Yeah, that's where I'll aim. At @FUDCo 's advice, I'm going to start big+fast (ala "I regret this letter is so long, I did not have the time to make it shorter"), and defer refinement/reduction until after we've delivered something sufficient for them to reproduce it.
When I tried on Monday to reproduce this, I got anachrophobia strikes vat v14
; I learned that this means that I did not manage to reproduce it.

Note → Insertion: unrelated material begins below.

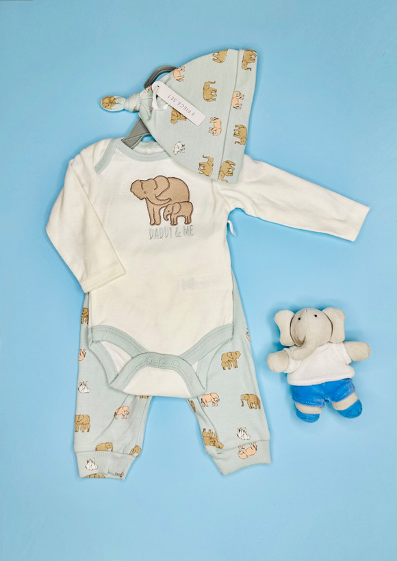 ست سه تیکه نوزادی پسرانه طرح فیل برند وارداتی

@warner Moddable sent us a WeakMap GC fix; I checked that in as https://github.com/agoric-labs/moddable/commit/c533fb7f6031c0e79285fd51e89f3478aad3f8f1 ( on a https://github.com/agoric-labs/moddable/tree/weak-gc-fix branch) and I created a https://github.com/Agoric/agoric-sdk/tree/3039-vattp-xs-gc branch that is master as of May 5 notede above ( f052169 ) with the moddable submodule set to the GC fix.
Care to try it out? Or maybe I could figure out how...
Which weakmap gc problem is this supposed to fix?
Which weakmap gc problem is this supposed to fix?
Er... The one where vattp sometimes drops messages, as detailed at length above.
In today's testnet meeting: BW: we have a change that's supposed to fix this but we haven't verified it DC: right; I think it's fixed but I'm not certain. BW: probably ok to release without further work on this
Deprioritizing for now
@warner do I have access to the bug3021-05may
logs? If not, please use the 1st key in https://github.com/dckc.keys to grant me access?
And please sketch how to use swingset-runner
to reproduce the problem "in vitrio"?
Describe the bug
3021 seems to be caused by vattp sometimes dropping some messages. We're investigating.